[Stored items]
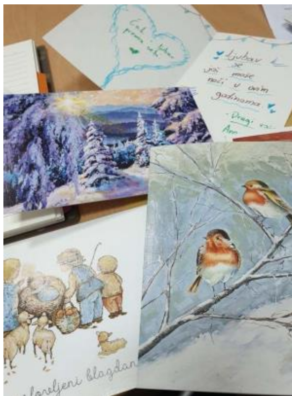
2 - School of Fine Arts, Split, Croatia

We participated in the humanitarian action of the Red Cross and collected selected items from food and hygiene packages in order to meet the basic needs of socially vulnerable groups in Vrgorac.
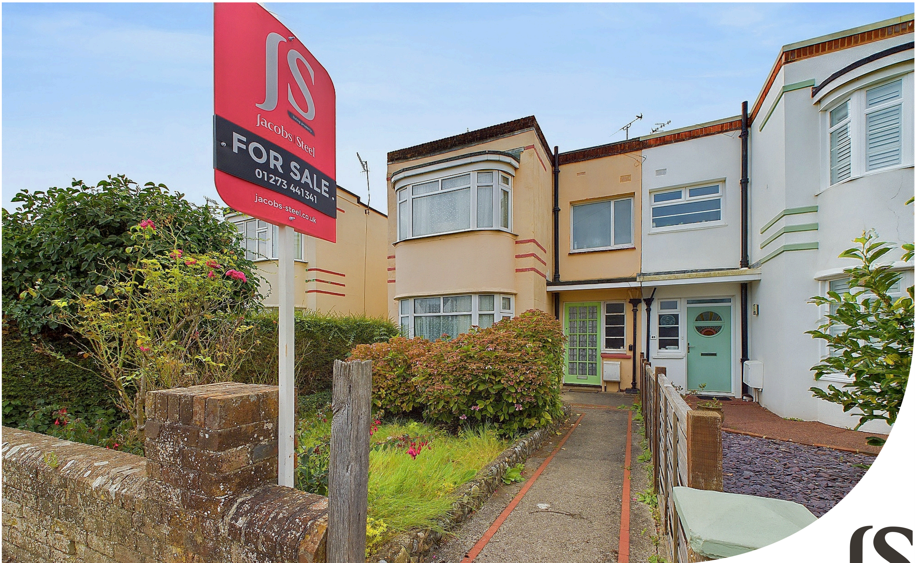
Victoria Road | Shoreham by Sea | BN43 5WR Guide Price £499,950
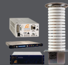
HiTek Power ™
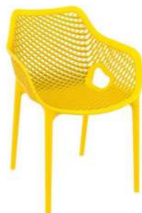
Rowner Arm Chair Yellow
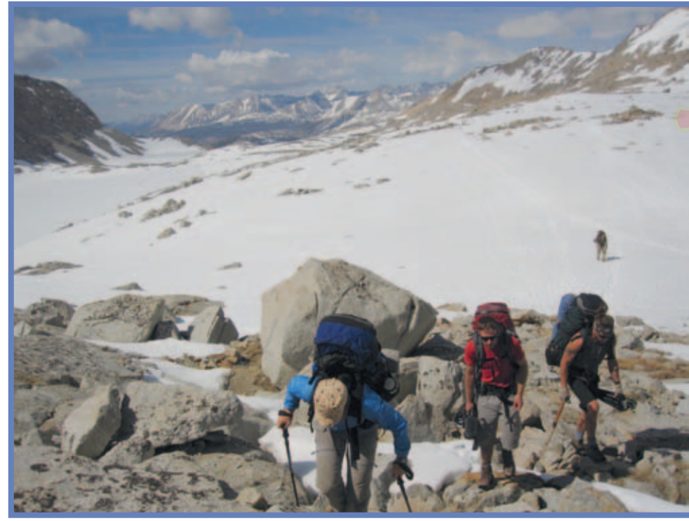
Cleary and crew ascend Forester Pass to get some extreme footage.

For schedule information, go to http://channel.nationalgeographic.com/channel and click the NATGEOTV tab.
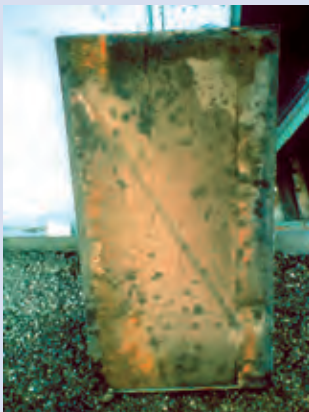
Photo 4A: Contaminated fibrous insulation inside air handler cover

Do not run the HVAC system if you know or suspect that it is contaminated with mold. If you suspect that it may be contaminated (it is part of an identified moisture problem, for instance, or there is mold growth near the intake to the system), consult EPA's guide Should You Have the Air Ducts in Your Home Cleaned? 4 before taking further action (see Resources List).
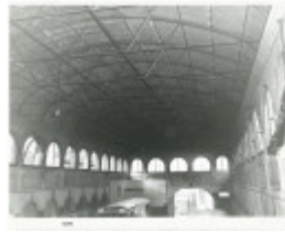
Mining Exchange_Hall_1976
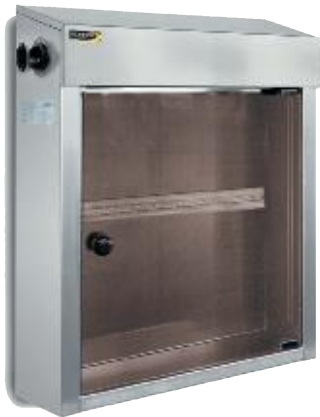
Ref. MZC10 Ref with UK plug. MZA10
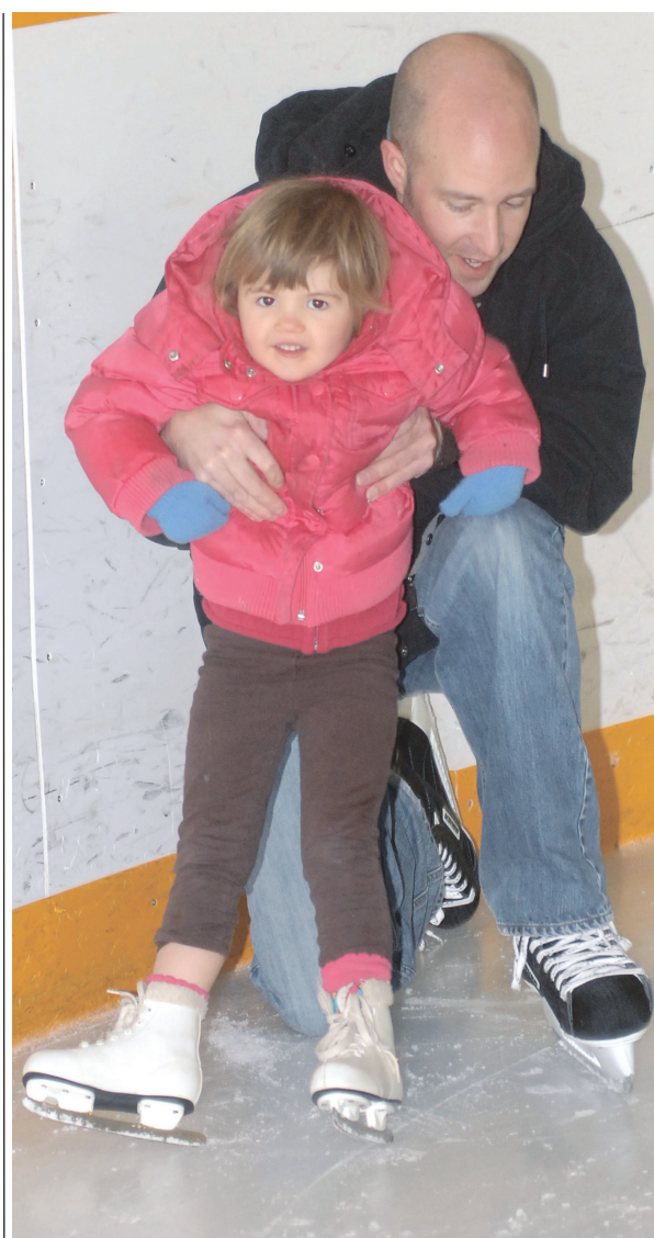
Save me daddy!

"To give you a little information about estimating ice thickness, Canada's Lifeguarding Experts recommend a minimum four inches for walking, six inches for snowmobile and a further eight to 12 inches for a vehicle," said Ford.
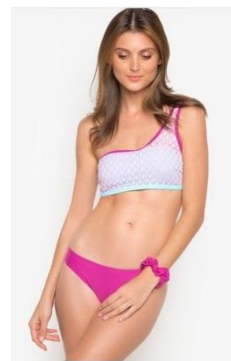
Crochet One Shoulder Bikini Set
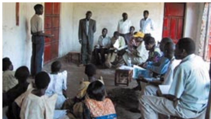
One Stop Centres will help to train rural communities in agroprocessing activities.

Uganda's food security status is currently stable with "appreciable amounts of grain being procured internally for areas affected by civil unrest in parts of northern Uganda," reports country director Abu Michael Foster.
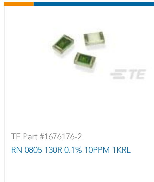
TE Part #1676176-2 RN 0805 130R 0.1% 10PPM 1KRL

→ The task
Print exactly the line containing "One Stop Centres" and every line after it through the final line above, and leave all pictures out.

→ Answer to this exercise
One Stop Centres will help to train rural communities in agroprocessing activities.

Uganda's food security status is currently stable with "appreciable amounts of grain being procured internally for areas affected by civil unrest in parts of northern Uganda," reports country director Abu Michael Foster.
TE Part #1676176-2 RN 0805 130R 0.1% 10PPM 1KRL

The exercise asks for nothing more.